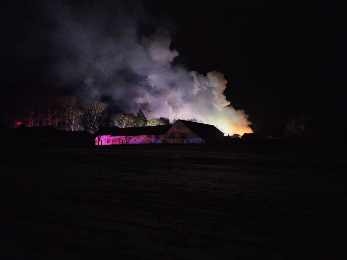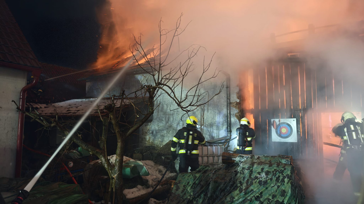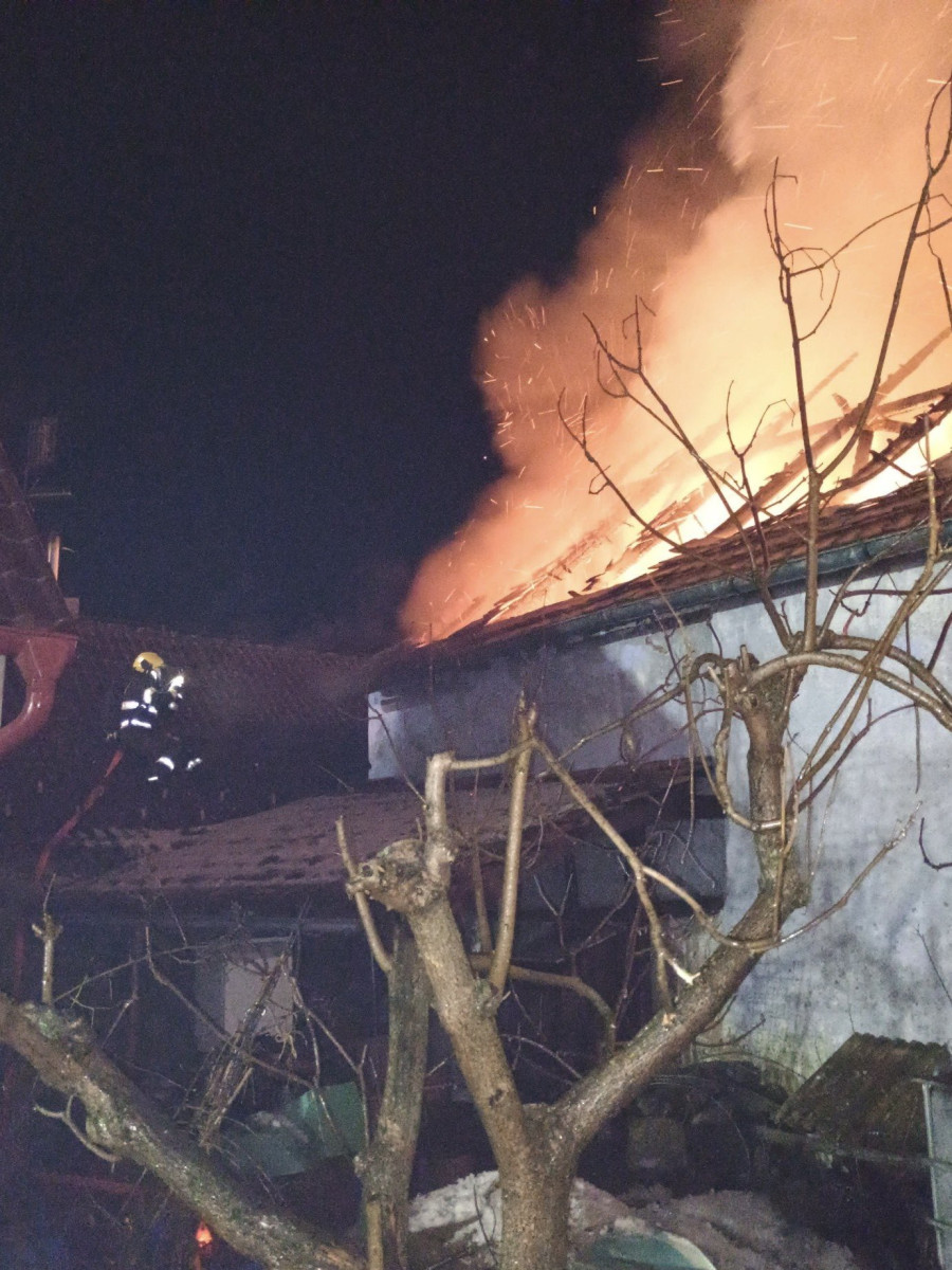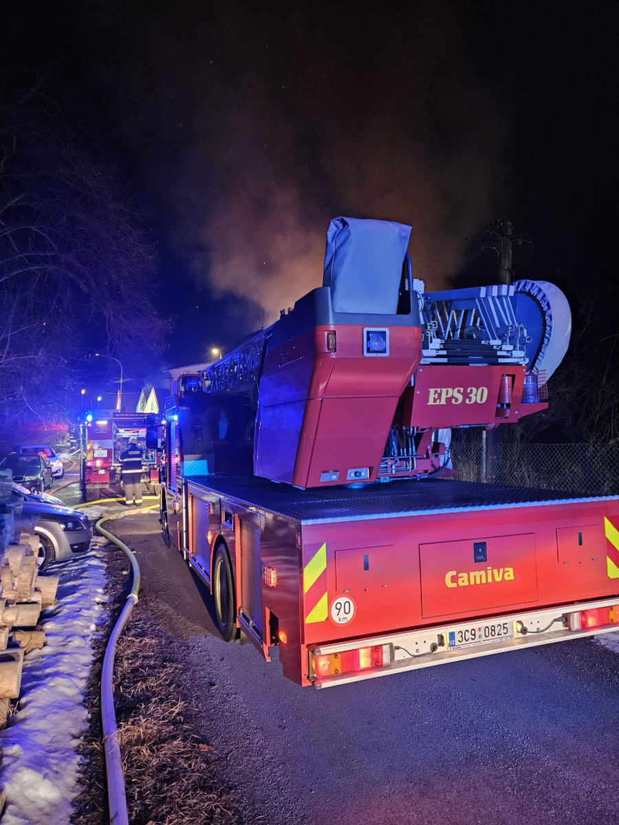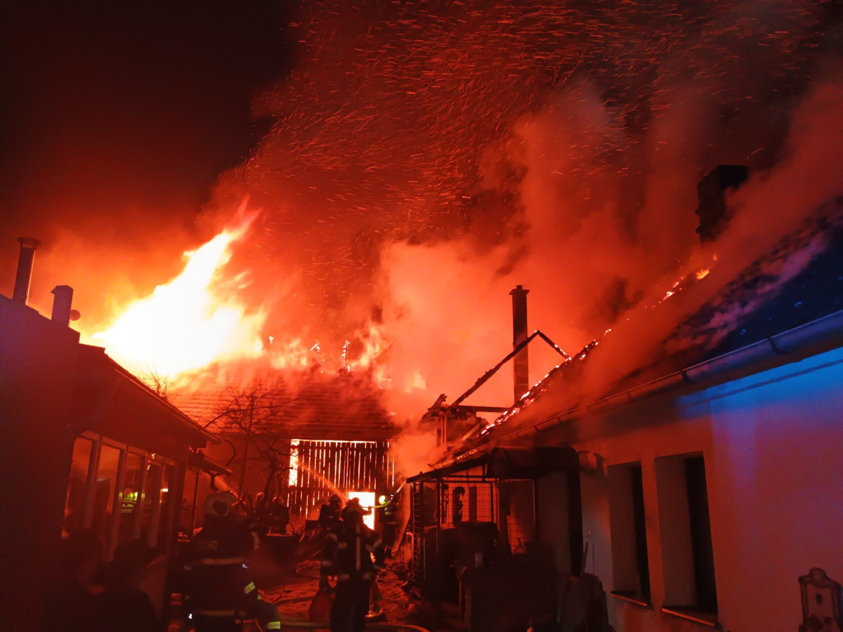 Rozsáhlý požár v Dolních Slověnicích. Oheň zasáhl velkou část stavení
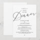 Anuncie e compartilhe seu final feliz com estilo com nosso design de tema preto e branco romântico moderno (Jantar de final feliz) para convite de celebração de casamento íntimo. É ideal para casais que decidiram celebrar seu melhor dia. Com um design sofisticado e divertido, este convite certamente estabelecerá o tom para um evento inesquecível. O cartão de convite apresenta um tema de design de letra moderno e minimalista, adicionando um toque de elegância atemporal à sua celebração. Criado por TeeshaDerrick
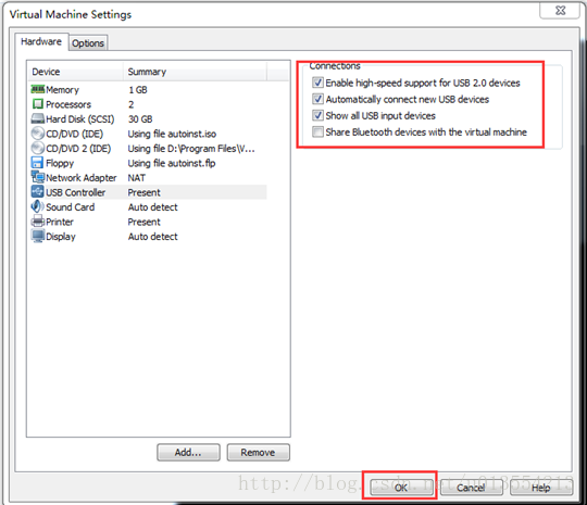 步骤2:弹出【Virtual Machine Settings】窗口,将【Connections】中的复选项按照如下图所示配置,最后点击【OK】即可。

_____

What to work on:
Wherever a picture appears, omit it; copy the rest of the data exactly.

Solution for this exercise:
 Rozsáhlý požár v Dolních Slověnicích. Oheň zasáhl velkou část stavení
 Anuncie e compartilhe seu final feliz com estilo com nosso design de tema preto e branco romântico moderno (Jantar de final feliz) para convite de celebração de casamento íntimo. É ideal para casais que decidiram celebrar seu melhor dia. Com um design sofisticado e divertido, este convite certamente estabelecerá o tom para um evento inesquecível. O cartão de convite apresenta um tema de design de letra moderno e minimalista, adicionando um toque de elegância atemporal à sua celebração. Criado por TeeshaDerrick
 步骤2:弹出【Virtual Machine Settings】窗口,将【Connections】中的复选项按照如下图所示配置,最后点击【OK】即可。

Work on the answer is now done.